What to produce:
What is needed is a verbatim copy of every record below, with the pictures left out.

Records shown:
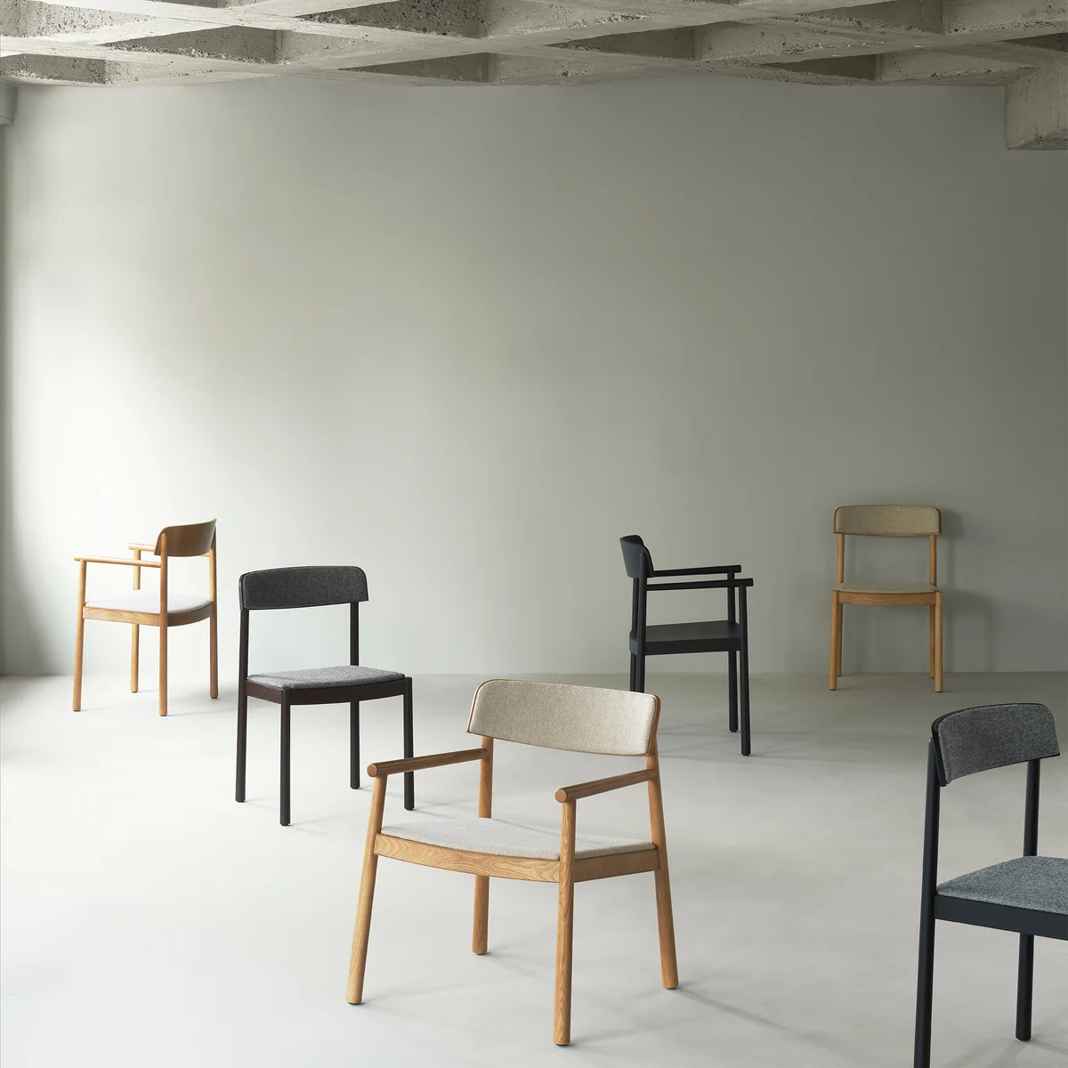 Die Timb Collection von Normann Copenhagen, entworfen von Simon Legald, verkörpert die Essenz eines klassischen Holzstuhls in reduzierter, funktionaler Form. Mit der Einführung einer neuen braunen Farbvariante sowie vollgepolsterten Textilausführungen wird die Kollektion um warme, taktile Nuancen erweitert.
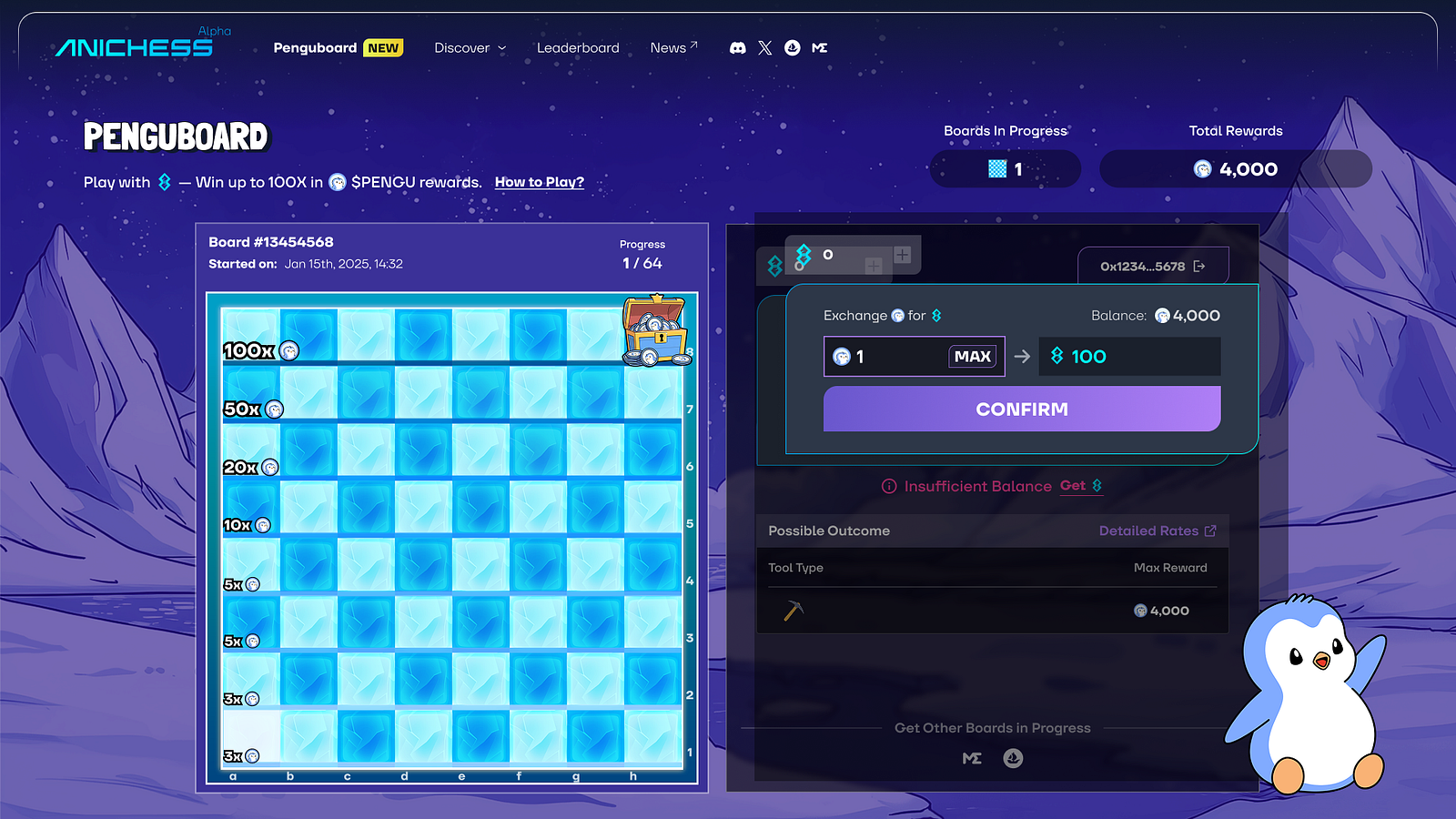 Each PenguBoard is an 8×8 chessboard frozen in ice. To start, you’ll need 100 M8 — the Anichess ecosystem on-chain points. You can earn M8 by playing the Anichess main game (see section below) or by swapping $PENGU.
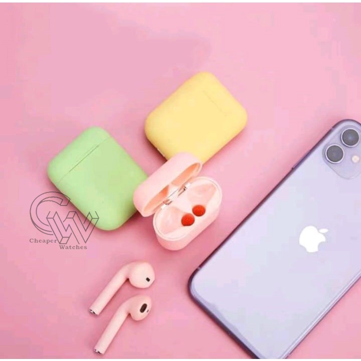 i12 macaron tws Air pods handsfree bluetooth wireless extra bass auto pop up for ios android
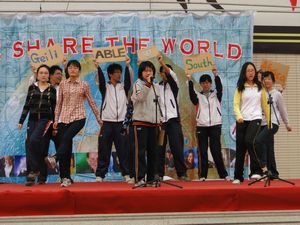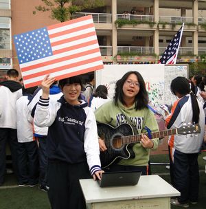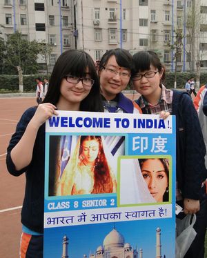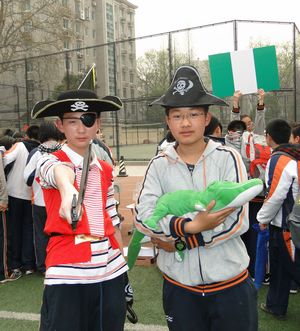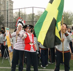拉开序幕,操场四周周摆放着由各班同学自己设置的不同国家的展台,约有40多个展台,而各个展台都是由同学们自己策划、设计,展台上展示着某一国家的国旗及自己设计的代表该国特色的印章、还有代表该国特色的陈列品等等。
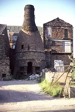 There are fewer than 50 surviving bottle ovens in the city of Stoke-on-Trent (and only a scattering elsewhere in the UK). The kilns of the Gladstone Pottery Museum, along with others in the Longton conservation area represent a significant proportion of the national stock of the structures.[8] The bottle ovens of Longton have been promoted as a tourist attraction.[9] In the 21st century, the condition of some of the bottle ovens has given cause for concern. A Stoke-on-Trent Ceramic Heritage Action Zone was created with the double function of regenerating Longton and surviving bottle ovens throughout the city.[10][11]
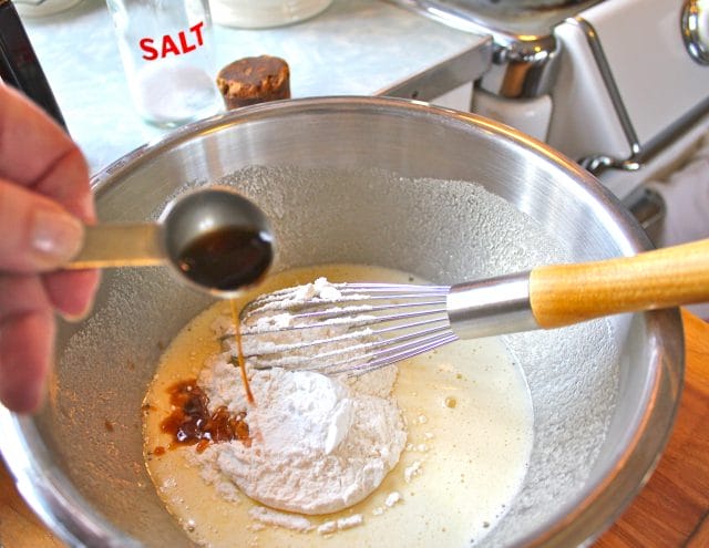In goes the first half cup of flour, the baking powder, salt, and vanilla.

Written response:
 Die Timb Collection von Normann Copenhagen, entworfen von Simon Legald, verkörpert die Essenz eines klassischen Holzstuhls in reduzierter, funktionaler Form. Mit der Einführung einer neuen braunen Farbvariante sowie vollgepolsterten Textilausführungen wird die Kollektion um warme, taktile Nuancen erweitert.
 Each PenguBoard is an 8×8 chessboard frozen in ice. To start, you’ll need 100 M8 — the Anichess ecosystem on-chain points. You can earn M8 by playing the Anichess main game (see section below) or by swapping $PENGU.
 i12 macaron tws Air pods handsfree bluetooth wireless extra bass auto pop up for ios android
拉开序幕,操场四周周摆放着由各班同学自己设置的不同国家的展台,约有40多个展台,而各个展台都是由同学们自己策划、设计,展台上展示着某一国家的国旗及自己设计的代表该国特色的印章、还有代表该国特色的陈列品等等。
 There are fewer than 50 surviving bottle ovens in the city of Stoke-on-Trent (and only a scattering elsewhere in the UK). The kilns of the Gladstone Pottery Museum, along with others in the Longton conservation area represent a significant proportion of the national stock of the structures.[8] The bottle ovens of Longton have been promoted as a tourist attraction.[9] In the 21st century, the condition of some of the bottle ovens has given cause for concern. A Stoke-on-Trent Ceramic Heritage Action Zone was created with the double function of regenerating Longton and surviving bottle ovens throughout the city.[10][11]
In goes the first half cup of flour, the baking powder, salt, and vanilla.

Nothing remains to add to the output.